(I walk in the door, despondent after my latest online date.
“So, what was she like?” says Beta Max, reclining on the lounge with Xbox controller in one hand and beer can in the other.
“She looked like my ex-wife,” I say. “And was just as opinionated.”
He purses his lips. “Ooh, not good.”
“No. I’m a bit over it, actually.” I plonk on the lounge next to him, watch Beta Max despatch a few enemy soldiers in the latest Call of Duty game. Engrossed in the on-screen carnage, fingers and thumbs tapping away on the controller buttons, he doesn’t take his eyes off the TV screen. “What is it I always say?”
We speak simultaneously: “Plenty more fish in the sea.”
Alpha Girl enters at that moment. “Blew it again, did you?” she says.
I look back, resignedly, at her. “No, not this time.”
“Well, you know what Beta Max says…”
“Don’t say it-”
Beta Max and Alpha Girl in tandem this time, a huge and devious smile on Beta Max’s face: “Plenty more fish in the sea.”)

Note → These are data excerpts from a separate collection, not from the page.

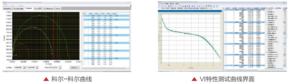 使用专用上位机软件,可进行I-V特性测试、恒电流特性测试、交流断路测试、交流阻抗扫描测试、测试出I-V特性曲线,科尔-科尔曲线等数据。软件界面类Office界面风格,各通道独立显示,支持电压电流波形绘制,可以表格形式显示结果等诸多元素,使得这款专业软件在具备强大测试功能同时,兼具美观易用优点。
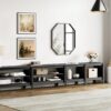 NOTE:This TV cabinet are sent in 3 packages,so you may receive them at different times.The black wood grain and simple lines on this tv stand make it look classic and elegant. It can be not only used as televison stands, also perfect for sofa table, entertainment center, media stand, storage console table, tv console etc. This TV stand is perfect for TVs up to 100 inch TV.8 open shelves with big capacity allow you to storage the books, magazines, CDs and any other media or gaming devices. The media console table made of high quality MDF which is durable and sturdy enough to be used for a long time. Plus, four wooden legs further enhance stability, preventing the TV stand from wobbling. Max load capacity: 260 lbs. The black entertainmen center for 90 inch tv with smooth surface is waterproof and easy to keep clean with a damp cloth. The tv table is 3.9 in high height off the ground which adequate for robot vacuum cleaner can passing freely. No more headaches from dust under the cabinet.
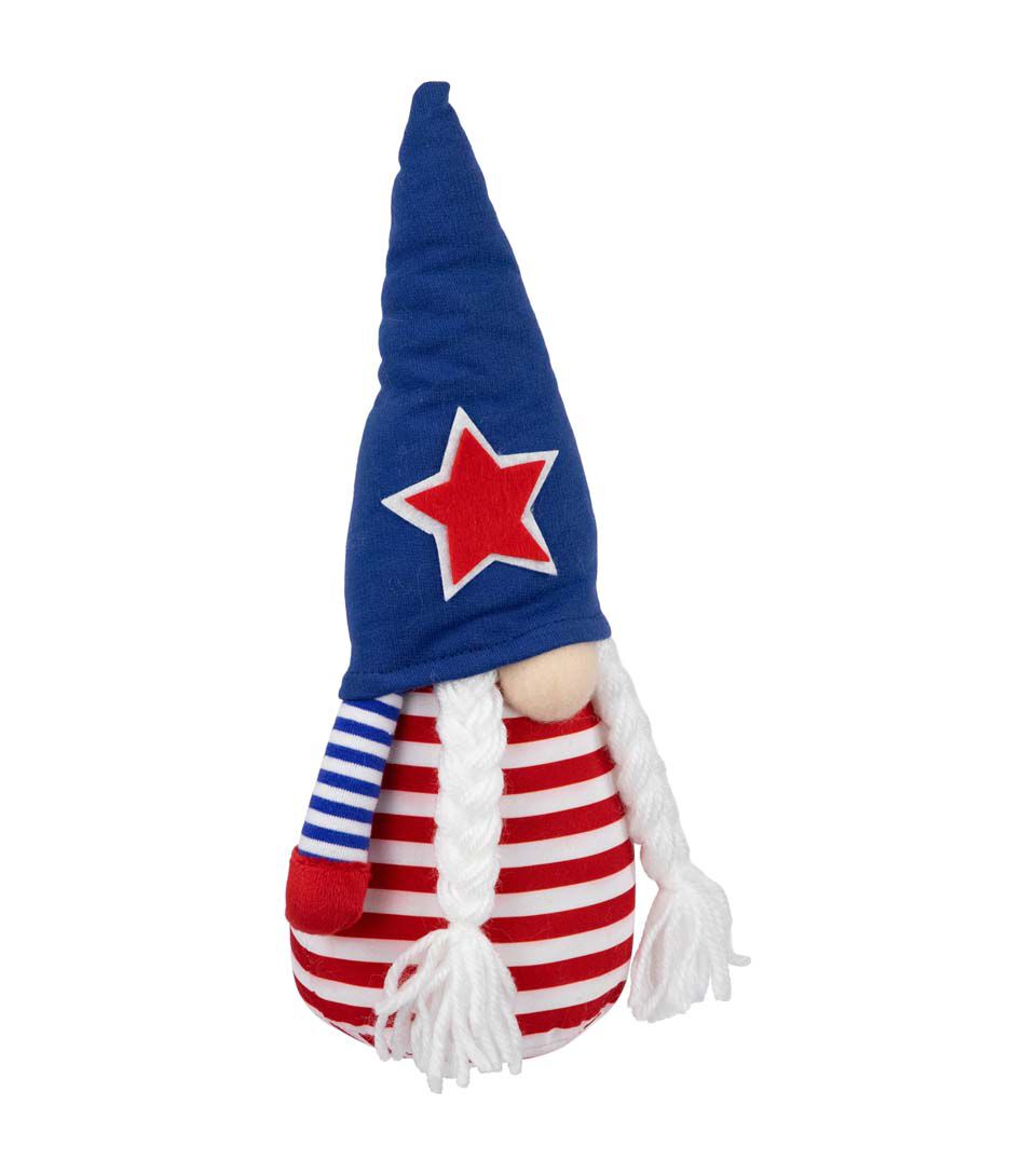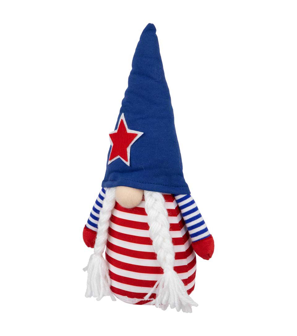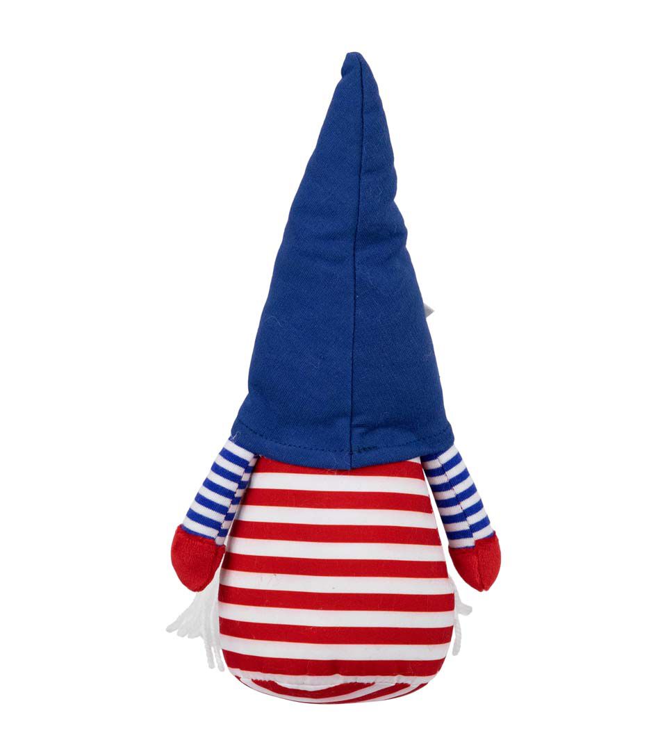 This adorable gnome is dressed in a striped red white and blue outfit with a blue hat accented with a star

My second face-to-face date (and third woman I’ve spoken to*). Not so bad. Had a nice meal. Company was okay. Looking like my ex-wife was not a positive point.
Why is it that people don’t look like the photos they put online? Is it because they use old photos, when they were better looking, thinner, had different hair, before they got old and before they got the skin grafts? Yes, my photos are a few years old, but I still look basically the same (except for a few more grey hairs in my goatee and my hairline receding slightly…okay, maybe I shouldn’t be complaining about anyone else).
It is a bit unfair though. I know we shouldn’t judge people based on their looks alone, but isn’t that what first impressions are all about? If the datee puts a misleading photo (or photos) on their online dating profile, aren’t they enticing the unwary would-be dater into a trap, of sorts? The meeting is going to be a surprise, if the dater recognises them at all. Maybe they’re hoping their sterling conversational skills will save the day. After all, looks aren’t everything, right?
Maybe I’m complaining for the sake of complaining. I’m disillusioned and I’ve only met three women so far. I’m sure there will be more. Hopefully not as misleading as the first few.
Back to the coal face. Once more unto the breach. Plenty more fish in the sea (Ugh!).
(“Maybe you should hang out at the supermarket,” says Alpha Girl.
“You think I’ll be more successful at meeting women there?” I say.